Infografik Mozaik Kementerian Luar Negeri RI. tirto.id/Sabit

Mayoritas Alumni Hukum

Hingga dikala ini, Ali Alatas adalah salah satunya lulusan Perguruan Dinas Luar Negara ( ADLN) yang jadi Menlu. Walaupun ia pula ialah lulusan Hukum Universitas Indonesia. Ia pernah jadi Sekretaris Adam Malik kemudian jadi Staf Perwakilan Indonesia di Perserikatan Bangsa Bangsa ( PBB).

Mayoritas Menlu memiliki latar balik pembelajaran hukum, mulai dari sekolah hukum kolonial Recht Hoge School( RHS) Jakarta, Fakultas Hukum Universitas Leiden di Belanda ataupun fakultas hukum dari universitas di Indonesia, semacam Unversitas Gadjah Mada dan Universitas Indonesia.

Alexander Andries Maramis, Soenario, Achmad Subardjo, dan Muchtar Kusumaatmadja ialah lulusan Fakultas Hukum Universitas Leiden. Sedangkan mantan siswa RHS Jakarta antara lain Mohamad Roem, Wilopo, Moekarto Notowidagdo, dan Ida Anak Agung Gde Agung. Nama terakhir tidak hingga lulus. Para lulusan sekolah hukum itu, sejak era kolonial telah turut dan dalam perjuangan pergerakan nasional melawan pemerintah kolonial.

Subandrio adalah lulusan Geneeskundige Hoge School ( sekolah medis era kolonial Hindia Belanda), sedangkan Syarief Thayeb pernah belajar di Ika Dai Gakku ( sekolah medis era Jepang) di Jakarta.

Tidak hanya itu, terdapat 3 tokoh berijazah sekolah menengah yang pernah menduduki pos ini, ialah Sutan Syahrir, Haji Agus Salim, dan Ruslan Abdulgani. Salah satunya orang dengan tingkatan pembelajaran resmi sangat rendah yang pernah mengetuai departemen ini adalah Adam Malik. Ia cuma berijazah Hollandsche Inlansche School( HIS) Pematangsiantar.

Sebagian orang Menlu, pernah jadi duta besar. Retno Marsudi adalah mantan Duta Besar Indonesia buat Belanda.

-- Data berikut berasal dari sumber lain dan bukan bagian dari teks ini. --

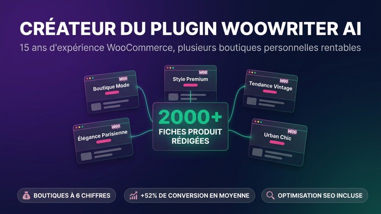 Je rédige des fiches produit WooCommerce qui combinent psychologie de vente, optimisation SEO et structure copywriting éprouvée. 15 ans d'expérience en e-commerce, créateur du plugin WooWriter AI utilisé par des centaines de boutiques, et plusieurs e-shops personnels rentables (mon-poncho.fr, tendance-retro.fr, combinaison-femme.fr).

Marty Natalegawa pernah jadi Duta Besar di Inggris dan Irlandia, Hasan Wirayudha di Mesir dan Djibouti, Syarief Thayeb di Amerika Serikat, Subandrio di Inggris, dan Adam Malik di Polandia dan Uni Soviet. Kebalikannya, terdapat pula mantan Menlu yang jadi duta besar, semacam Achmad Subardjo yang jadi Duta Besar Indonesia di Swiss, Moekarto Notowidagdo di Amerika Serikat, dan Ruslan Abdulgani di PBB.

Bila di departemen lain banyak diisi oleh orang- orang yang berlatar balik militer, posisi Menlu malah seluruhnya diisi oleh sipil. Para mantan jenderal sangat besar cuma jadi duta besar.